Trying to hack my way around SQLite3 concurrent writing, any better way to do this? - delphi

I use Delphi XE2 along with DISQLite v3 (which is basically a port of SQLite3). I love everything about SQLite3, except the lack of concurrent writing, especially that I extensively rely on multi-threading in this project :(
My profiler made it clear I needed to do something about it, so I decided to use this approach:
Whenever I need to insert a record in DB, Instead of doing an INSERT, I write the SQL query in a special foler, ie.
WriteToFile_Inline(SPECIAL_FOLDER_PATH + '\' + GUID, FileName + '|' + IntToStr(ID) + '|' + Hash + '|' + FloatToStr(ModifDate) + '|' + ...);
I added a timer (in the main app thread) that fires every minute, parse these files and then INSERT the queries using a transaction.
Delete those temporary files at the end.
The result is I have like 500% performance gain. Plus this technique is ACID, as I can always scan the SPECIAL_FOLDER_PATH after a power failure and execute the INSERTs I find.
Despite the good results, I'm not very happy with the method used (hackish to say the least), I keep thinking that if I could have a generics-like with fast lookup access, thread-safe, ACID list, this would be much cleaner (and possibly faster?)
So my question is: do you know anything like that for Delphi XE2?
PS. I trust many of you reading the code above be in shock and will start insulting me at this point!
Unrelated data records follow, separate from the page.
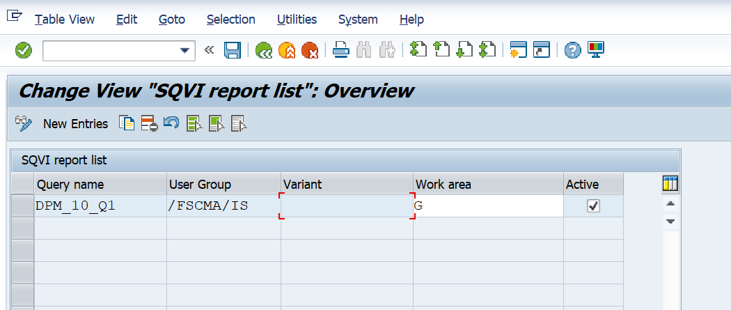 Once in SQVI report filter select the “New Entries” button. Then place the string value for the information that you would like to collect the data for. Please note that wildcards are accepted. Then select the checkbox under the column Active to enable the filter that meet your desired criteria:
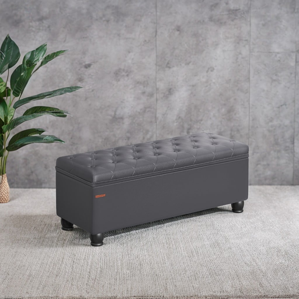 Upgrade your bedroom with this 46.5″ Storage Ottoman Bench, featuring a spacious hidden compartment to keep your space tidy. Crafted with durable synthetic leather, it supports up to 330 lbs and doubles as a stylish footrest or extra seating. Perfect for the end of your bed, this bench combines practicality and elegance in one compact design. Specification: Color: Gray Material:MDF (Medium Density Fiberboard), High-Density Foam, Synthetic Leather Product Size:17.7″D x 46.5″W x 17.7″H (45 x 118 x 45 cm) Product Weight:35 lb (15.9 kg) Max. Static Load Capacity:330 lb (150 kg) Volume:31 Gallons (118L) Package Contents: 1 x Storage Ottoman, 1 x Accessory Kit , 1 x Instructions
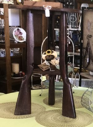 Occasional wooden table with legs made from gunstocks. Brown. Round circular top. 28 1/2 in tall and 18 in diameter.
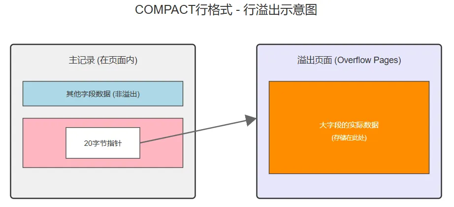 当数据过长时,它会把超出数据页容量的部分 “搬” 到额外的溢出页中存储;并在原数据页保留一个指向溢出页的指针(通常是20字节)。这就好比把装不下的书先放在旁边的临时箱子,再在原本的箱子贴上标签注明 “其余书在隔壁箱”。
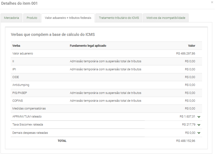 “Valor aduaneiro + tributos federais” mostra a formação do valor que irá compor a base de cálculo do ICMS do item.
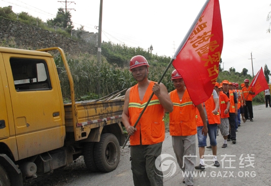 “报告,我班管养的三桂路K3+900处山体滑坡,造成大量土石方堆积在公路上,阻断了交通,情况危急,我班已设置临时的警示标志(筒),安排专人警戒,请求段调派应急抢险突击队抢险施救”。7月27日早上6时,广安市公路管理处直属养护段养护股长杜勇接到桂兴道班班长阳仿献的报告后,立即向段应急抢险指挥长杜先卫进行了报告。
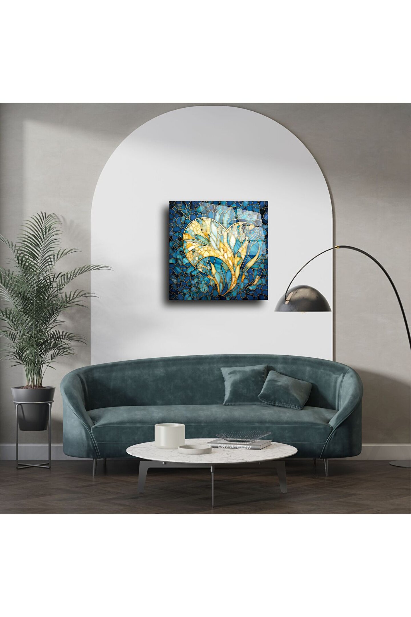 Aşkın ve sanatın birleştiği bu kalp desenli cam tablo, mavi ve altın tonların zarif uyumuyla evinizde duygusal bir atmosfer yaratır. Işıkla bütünleşen vitray efektli yapısı, romantizmi ve zarafeti aynı anda yansıtır.
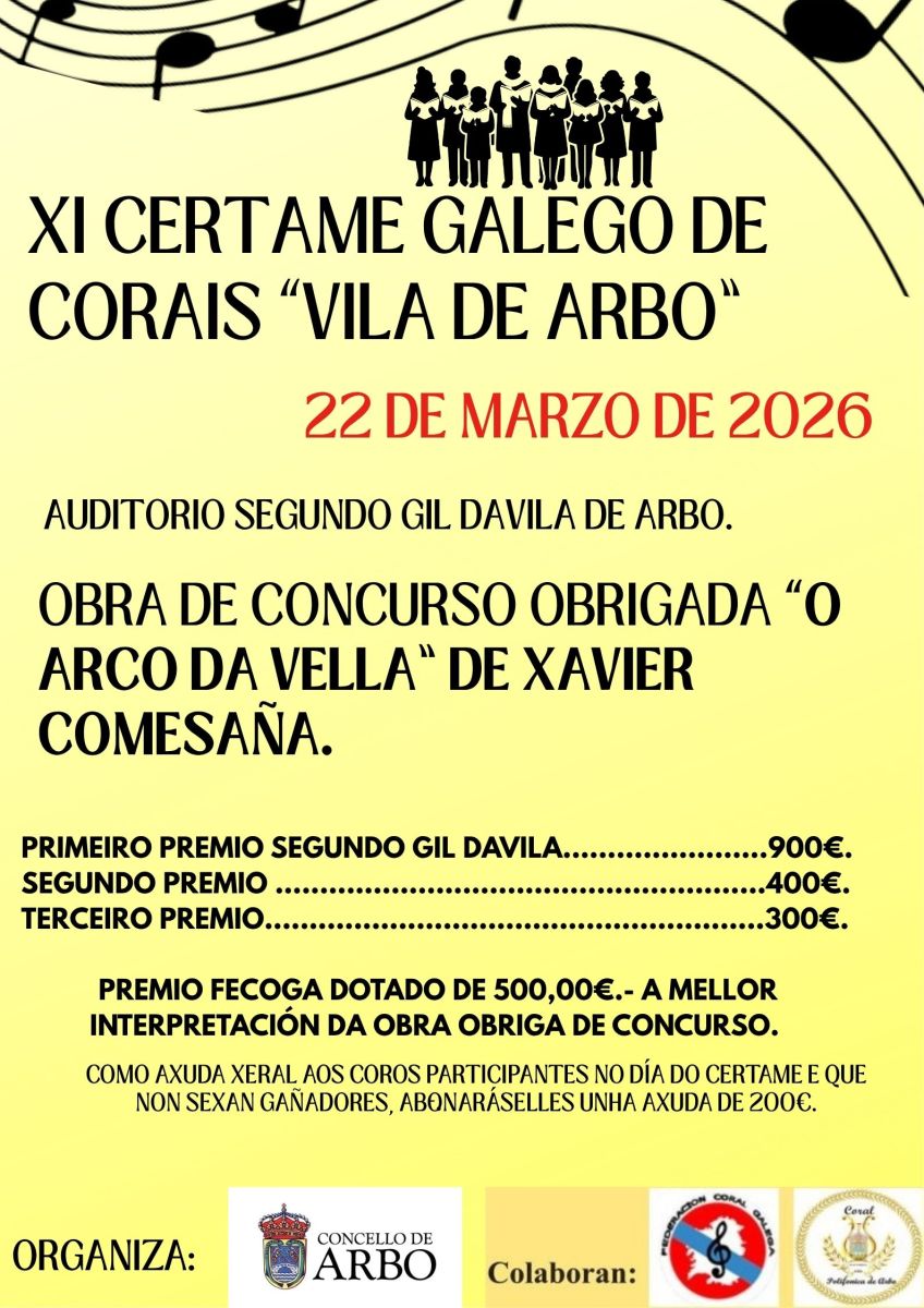 O Certame de Corais Vila de Arbo é un evento anual que busca apoiar e fomentar a cultura musical polifónica. Este certame consolidouse como un referente para os amantes da música coral, ofrecendo unha plataforma para que coros de diversas localidades poidan mostrar o seu talento e compartir a súa paixón pola música. O obxectivo principal do Certame de Corais Vila de Arbo é incentivar a modalidade polifónica, un estilo musical que des ...
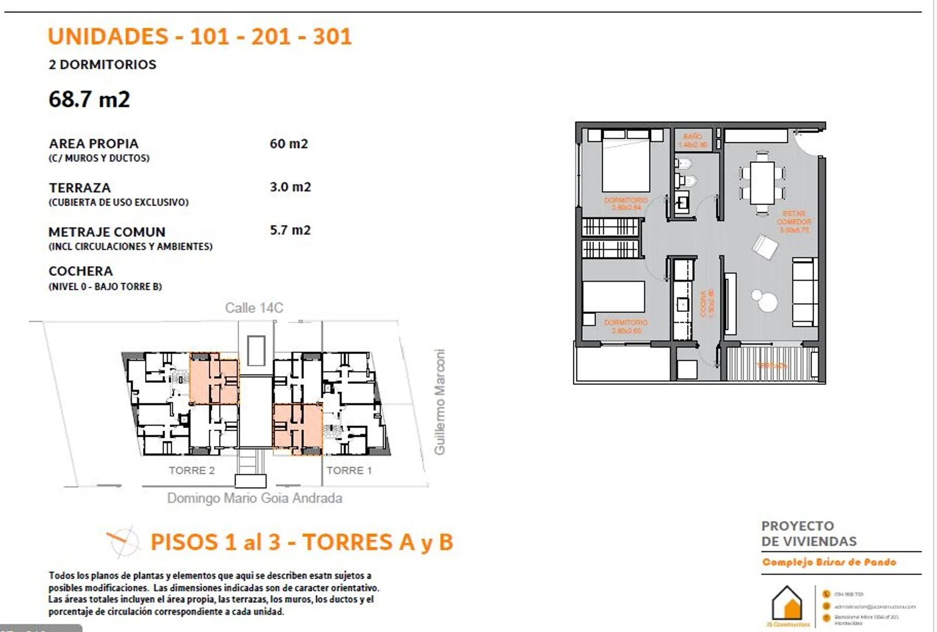 Corredor Responsable: - Contacto: Valeria Ruiz Se vende en exclusividad, apartamento en pozo, complejo Brisas de Pando. Ubicado en punto estratégico de la ciudad con fácil acceso y egreso tanto a Montevideo como hacia el este. El complejo Brisas de Pando comienza su obra el próximo año 2026, tiene fecha prevista de entrega en Diciembre 2027. Son dos torres de edificios con un total de 28 apartamentos de uno y dos dormitorio, ascensor en cada torre, cocheras, piscina, parrillero en planta baja, gimnasio y barbacoas con solárium en azoteas. Predio cerrado con circuito de videovigilancia. Con finas terminaciones, construcción tradicional, ley de vivienda promovida que exonera del ITP en la compra, IVA y patrimonio de corresponder y también exonera al inversor de pagar IRPF sobre el alquiler dentro de 10 años. Todo esto lo hace un producto muy atractivo para invertir en pozo y adquirir estas unidades a un precio super promocional con rentabilidad del 20% sobre la inversión, es un producto único. El apartamento disponible es el 201, ubicado en el segundo piso de la torre B. La unidad tiene una superficie de 60 m², con una distribución funcional. Cuenta con dos dormitorios, cocina-comedor, living y baño. Todos los ambientes bien definidos, además, cuenta con una terraza de 3 m². Comparte piso con otros tres apartamentos, ofrece vista despejada con excelentes terminaciones. Es una excelente oportunidad para adquirir un apartamento moderno con los mejores amenities que hay en la zona. Los gastos comunes se estiman en $ 4.500.- aproximadamente mensuales. Gastos de ocupación 3% sobre el valor de la unidad. Cuenta con la posibilidad de adquirir una cochera con un costo adicional de USD 3.000.- Precio promocional contado USD 105.900.- Precio promocional dando el 20% de entrega inicial y luego por avance de obra hasta culminar con la misma USD 116.000.- Consulte por otras unidades. Compartimos con todos los colegas. Comisión inmobiliaria 3% Mas IVA Cada Oficina es de propiedad, gestión y desarrollo independiente La presente publicación describe las características esenciales del inmueble, debiéndose consultar al responsable de la operación por la eventual actualización de las medidas, descripciones arquitectónicas y funcionales, servicios, impuestos, precios y demás información, cuyos valores son aproximados.
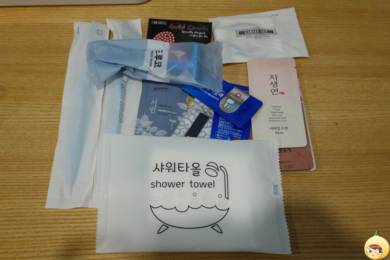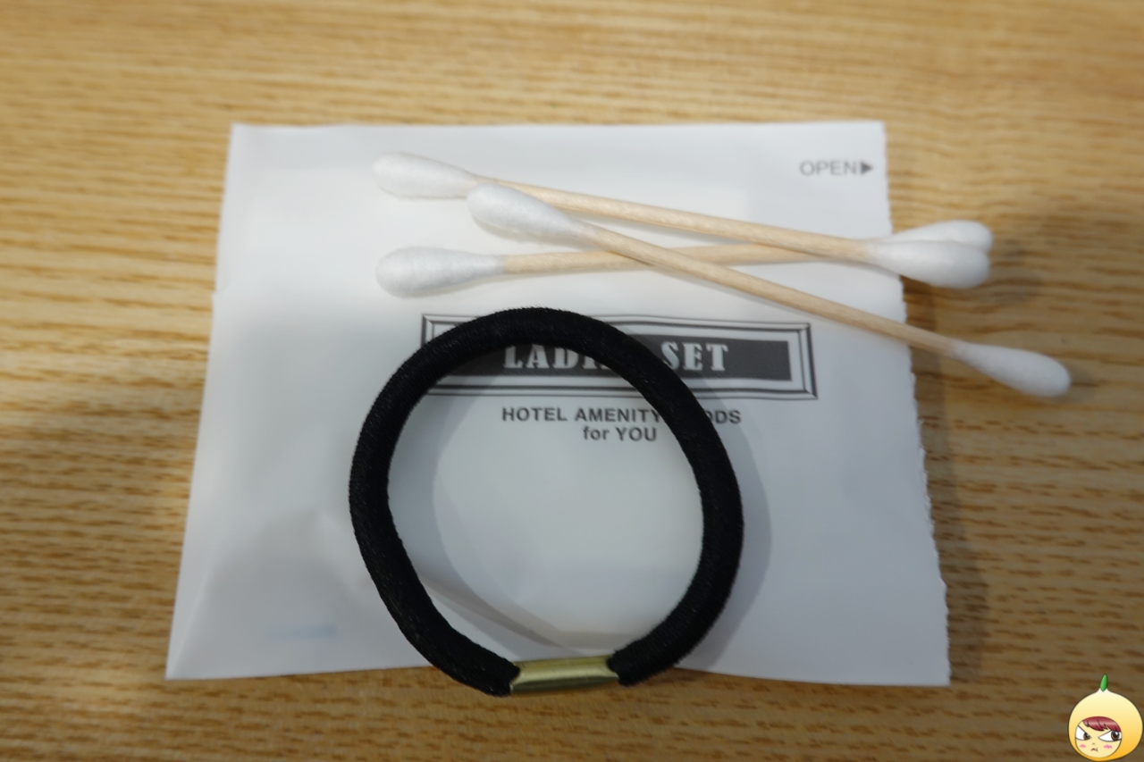 고데기 옆 비닐봉다리는 어메니티다. 칫솔에 면도기 그리고 스킨 등 역시나 있을 건 다 있다. 세면도구와 화장품은 집에서 챙겨왔지만, 면봉과 머리끈이 없어서 요거 하나만 사용했다.
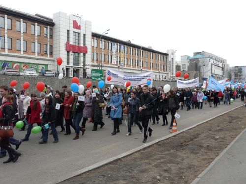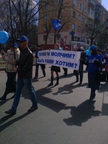 Первомайские демонстрации сегодня прошли и в Хабаровске, где принято отмечать шествием двух колонн. В первой идут губернатор, мэр, представители краевой и городской администрации и «народ», привлеченный с помощью «административного ресурса». Во второй колонне, которая идет по параллельной улице против движения первой, идут представители различной оппозиции. В этой же колонне и прошла хабаровская "ВОЛЯ". Флаги и атрибутика сапфирного цвета ярко выделялись на общем фоне и привлекали внимание горожан и участников шествия. Активисты партии так громко и дружно скандировали свои речевки, что другие демонстранты просили дать возможность проявить себя. Лозунг «Почему мы молчим? Быть рабами хотим?» стал одним из основных на первомайской акции.
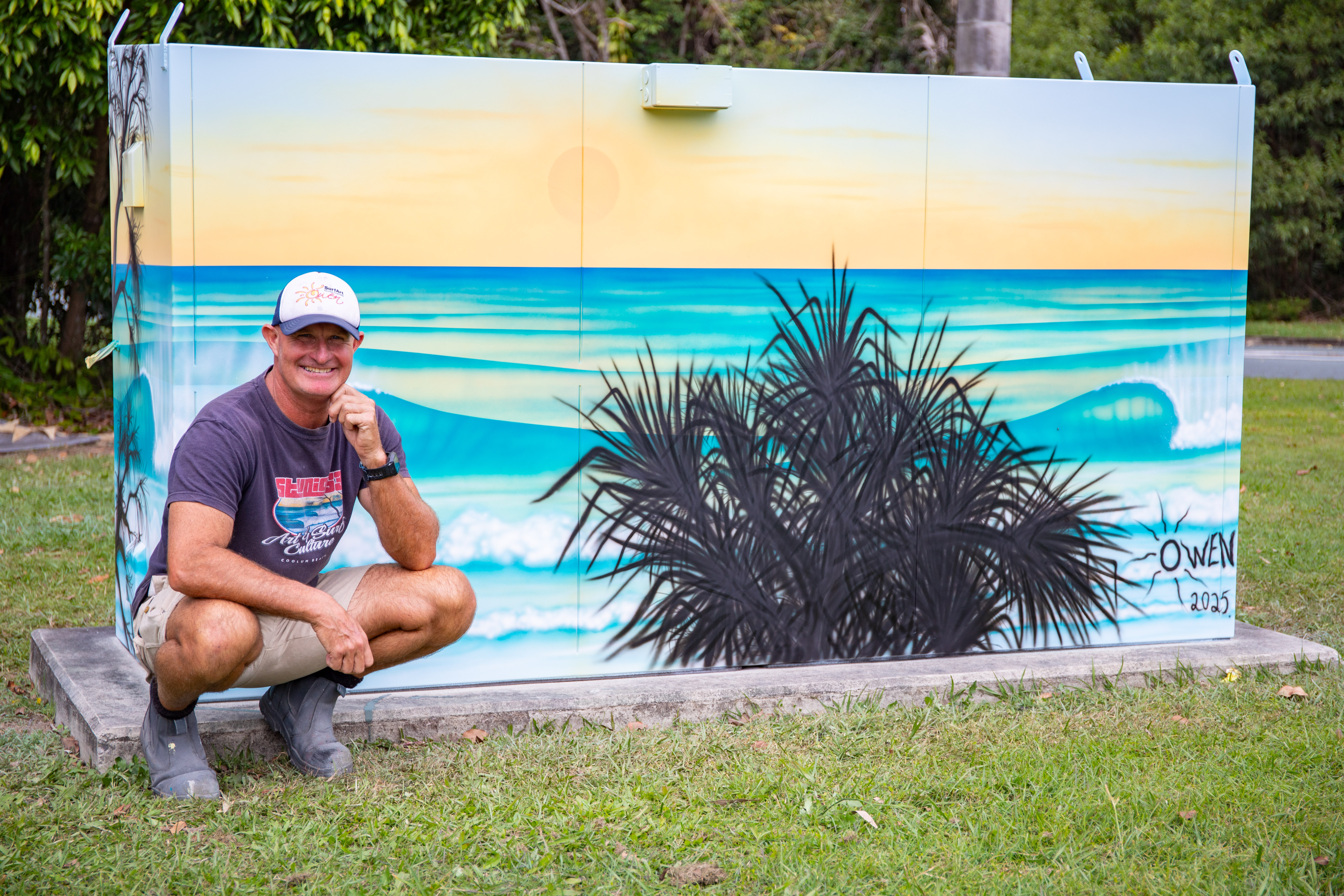 Media ReleaseA green roadside cabinet that powers essential wastewater services near Garth Prowd Bridge in Noosa Heads has had a facelift, with local artist Sammy Ray Jones transforming it with an eye-catching mural.
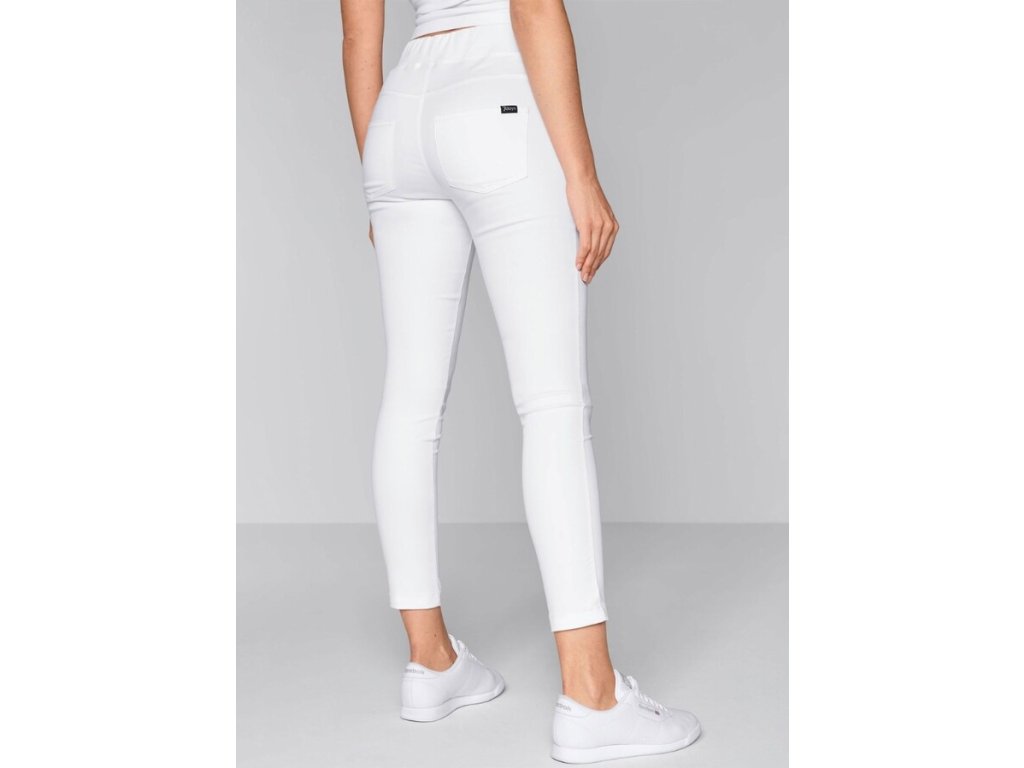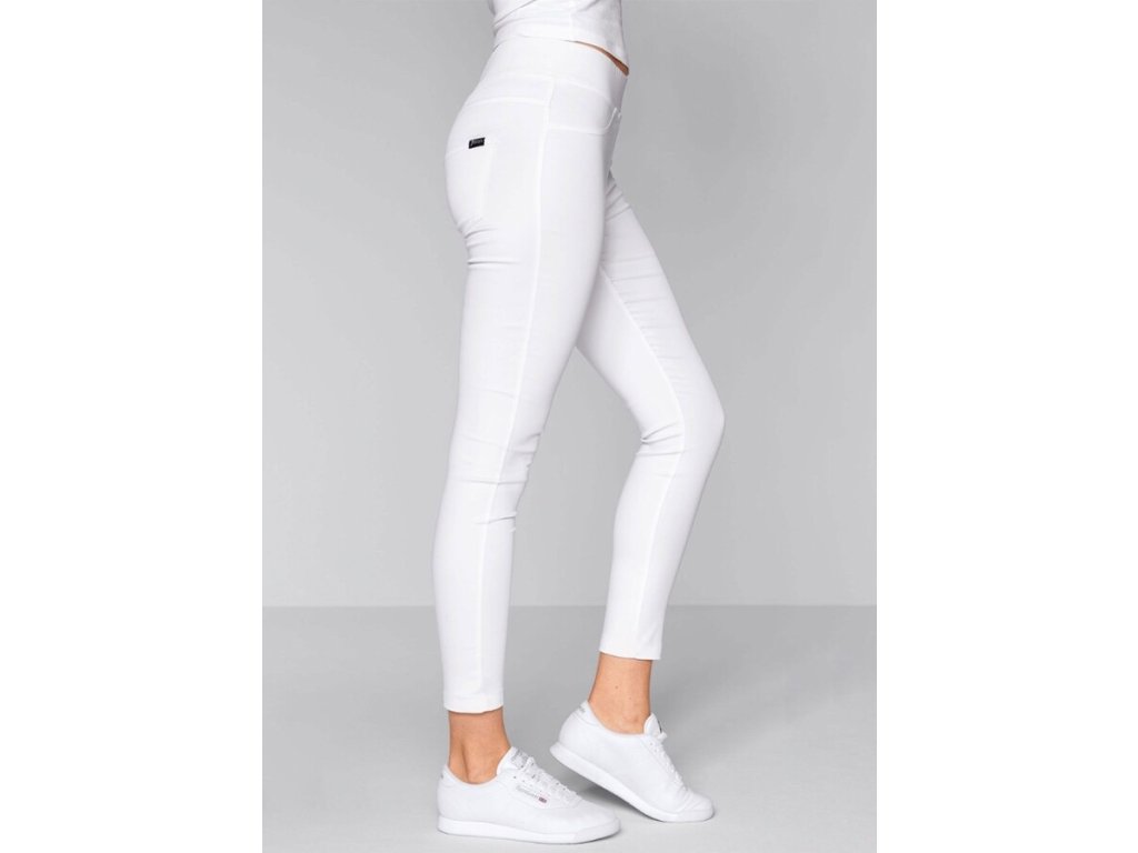 Tieto úzke biele nohavice budete milovať. Sú to naše najpredávanejšie nohavice, teraz vylepšené o pridaný podiel bavlny a pranie až na 60°. Vďaka pružnému stretch materiálu sa prispôsobia každej postave, máme ich v ponuke od veľkosti XS až po 5XL. Široký elastický pás zaručuje, že sa budete cítiť po celú Vašu smenu pohodlne. Úzky strih a 7/8 dĺžka robia peknú postavu. Nohavice sú vhodné pre všetky ženy, ktoré pracujú ve zdravotníctve a chcú sa cítiť a vyzerať skvele.
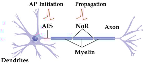 Axon initial segment (AIS) and node of Ranvier (NoR). The AIS is located at the proximal part of the axon and is responsible for initiating the action potential (AP). The NoR is a site of AP propagation.

Please be my guest, but if you know a better (ie. faster) ACID approach, please share your thoughts!

Your idea of sending the inserts to a queue, which will rearrange the inserts, and join them via prepared statements is very good. Using a timer in the main thread or a separated thread is up to you. It will avoid any locking.
Do not forget to use a transaction, then commit it every 100/1000 inserts for instance.
About high performance using SQLite3, see e.g. this blog article (and graphic below):
In this graphic, best performance (file off) comes from:
PRAGMA synchronous = OFF
Using prepared statements
Inside a transaction
In WAL mode (especially in concurrency mode)
You may also change the page size, or the journal size, but settings above are the best. See https://stackoverflow.com/search?q=sqlite3+performance
If you do not want to use a background thread, ensure WAL is ON, prepare your statements, use batchs, and regroup your process to release the SQLite3 lock as soon as possible.
The best performance will be achieved by adding a Client-Server layer, just as we did for mORMot.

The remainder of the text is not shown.